They're giving away usually $5000.

Jeopardy and Wheel of Fortune have around 10 million viewers each with over 30
years of history. Jeopardy gives away around $23k each day, I believe WoF
rings in a little higher. They air 5 days a week and clock in around 200-230
episodes per season. Back of the napkin math puts that at $0.53 per viewer per
year.

HQ is still at $4.29 per viewer per year. At their current rate they still
need about 10x growth to match J! or WoF. But HQ is also only 2 years old on a
somewhat new media format (live interactive entertainment).

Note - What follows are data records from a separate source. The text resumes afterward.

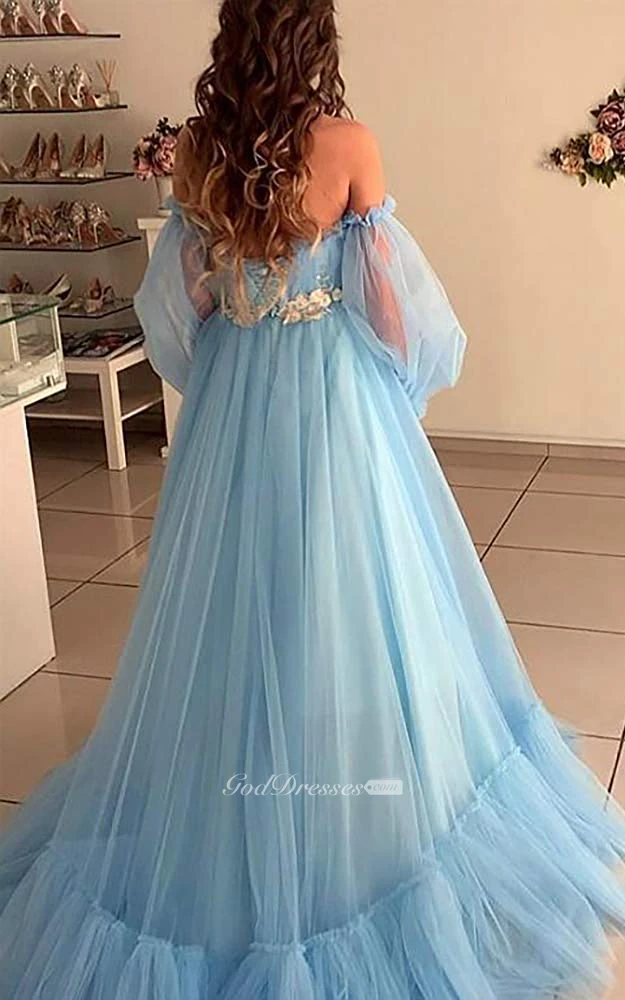 Tulle Floor-length Brush Train Ball Gown Long Sleeve Ethereal Prom Dress with Ruffles
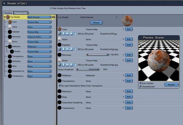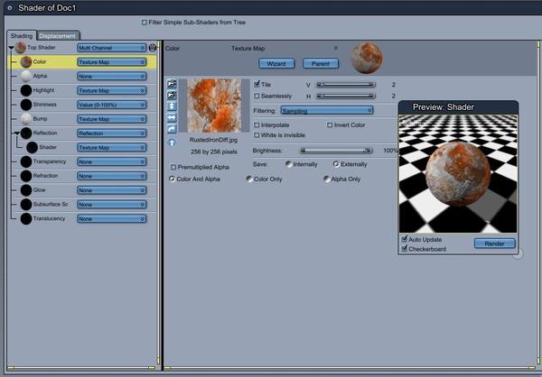 Rust? I decided to look under the hood of the rust shader that comes with Carrara in the scene wizard. It seems to be based on three texture maps.
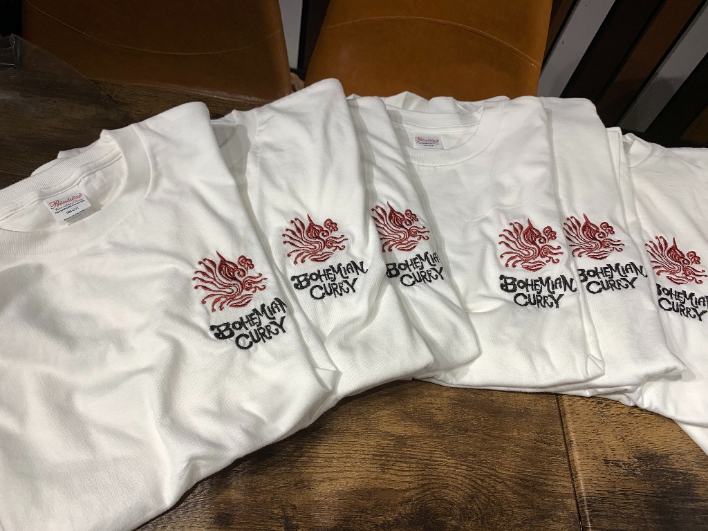 松原市で美味しいカレー屋さん 『ボヘミアンカリー』さんからスタッフのTシャツのご依頼を頂きました。ロゴがかかっこいいので映えますね!!ご依頼ありがとうございました!!
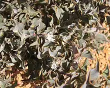 Hakea smilacifolia is an open, sprawling shrub typically growing to a height of 1 to 2 metres (3 to 7 ft) with smooth grey bark and does not form a lignotuber. The branchlets are moderately covered with long, soft hairs or coarse, rough long hairs. The hairs becoming short, soft, rusty coloured and matted at flowering. Flowers are mostly concealed by thick leathery alternate leaves 15–70 mm (0.6–3 in) long by 8–50 cm (3–20 in) wide. The grey-green leaves vary in shape, lower leaves are elliptic to egg-shaped. Leaves nearer to the flowers are broader and taper to a point at the apex. The leaves are often folded over and have curving prominent veins. The inflorescence consists of 5 or 6 white or creamy-white flowers, are sweetly scented and appear in clusters in the leaf axils. The smooth pedicel is 1.2–2 mm (0.047–0.079 in) long, the pistil 14–15 mm (0.55–0.59 in) long and the perianth white. The fruit are smooth, very small and have a 3 dimensional shape, 1.1–1.3 mm (0.043–0.051 in) long and 4–6 mm (0.16–0.24 in) wide and taper to a short pointed beak.[2][3]
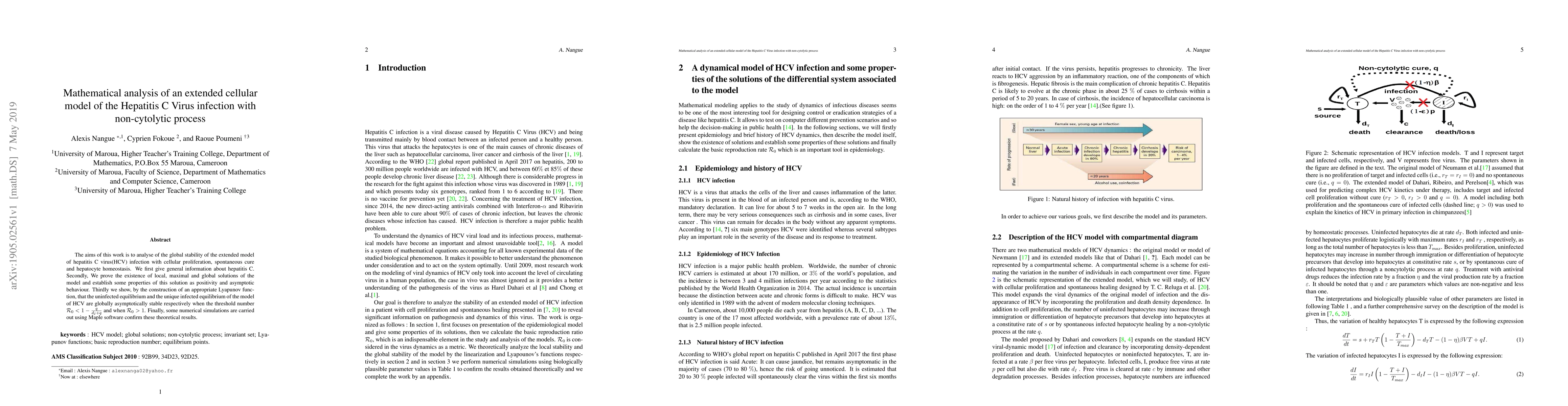 This paper analyzes the global stability of an extended mathematical model for Hepatitis C Virus (HCV) infection, incorporating cellular proliferation, spontaneous cure, and hepatocyte homeostasis. The authors prove the existence of global solutions and demonstrate the global asymptotic stability of equilibria under specific conditions, confirmed by numerical simulations.
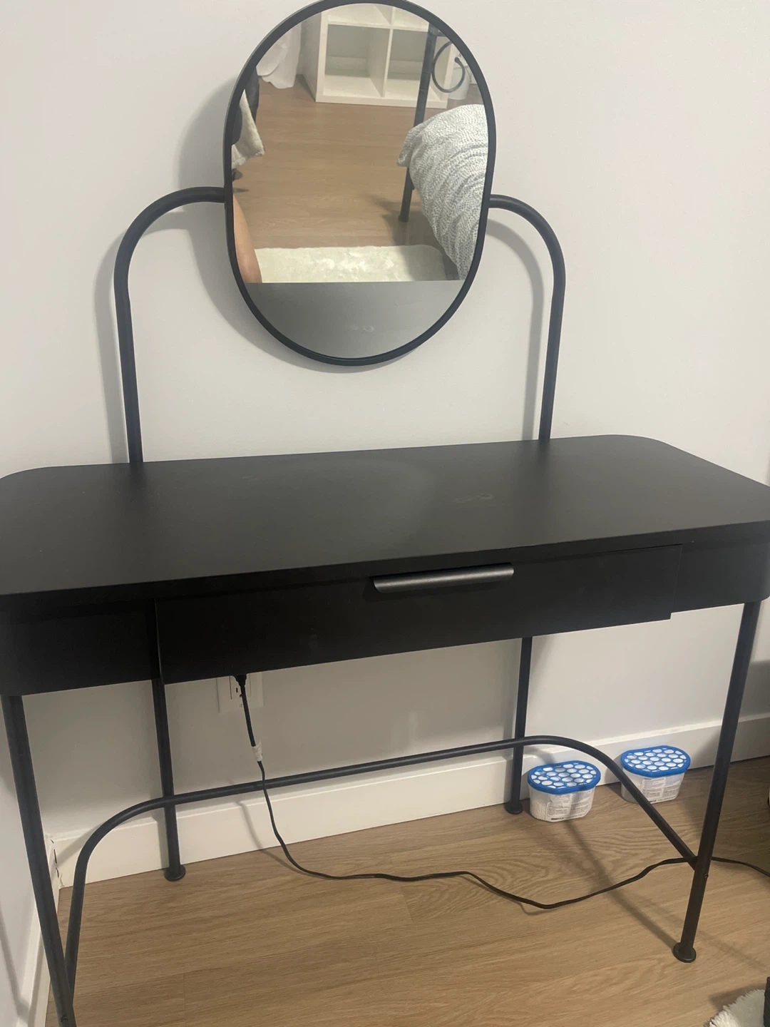 This sleek black vanity table features a single drawer for storage and comes with a stylish oval mirror. It's perfect for getting ready in the morning. The metal frame offers durability. It has a modern design.
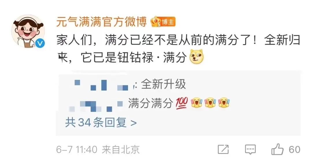元气满满官方微博还评论称,满分已经不是从前的满分了,而是“钮祜禄·满分”。
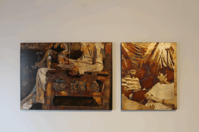 Meanwhile, Swarim Abid Hasan introduced an entirely different material and temporal register. His canvases, built from layers of oxidized silver leaf and oil paint, embraced tarnish as a painterly collaborator. In works such as Under the Fabric and Seated in Oak, figures and forms emerged from the unpredictable chemical processes of oxidation. Here, decay was not destruction but transformation, a slow unfolding that allowed new surfaces and narratives to emerge. Hasan’s juxtaposition of geometric precision with organic patina-like effects reflected a tension between order and entropy, permanence and impermanence. The unpredictability of the process echoed human experience itself; we are altered, marked, and remade by the passage of time.
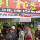 Edi Purwanto dan istri mengantre di TPS 13 Kenali Besar, Alam Barajo, Kota Jambi, Rabu, 14…

Those numbers are just for the prize money. Pat Sajak and Alex Trebek each
earn north of $10 million per year (and Vanna White somewhat less, but still
in the millions), and the shows almost certainly have larger staffs. The
actual value difference is probably closer to a 3-4x multiplier rather than
10x.

That said, since HQ is phone based there's a good chance the viewers are more
valuable to advertisers since they can collect more information than on
broadcast television.

I don't think HQ would/could have a path to profitability (setting aside
internal business politics), but it's a matter of 1) convincing businesses
that a new media format is worth their advertising dollars, 2) keeping players
long-term, 3) finding effective ways to advertise in the more limited format
that the game affords.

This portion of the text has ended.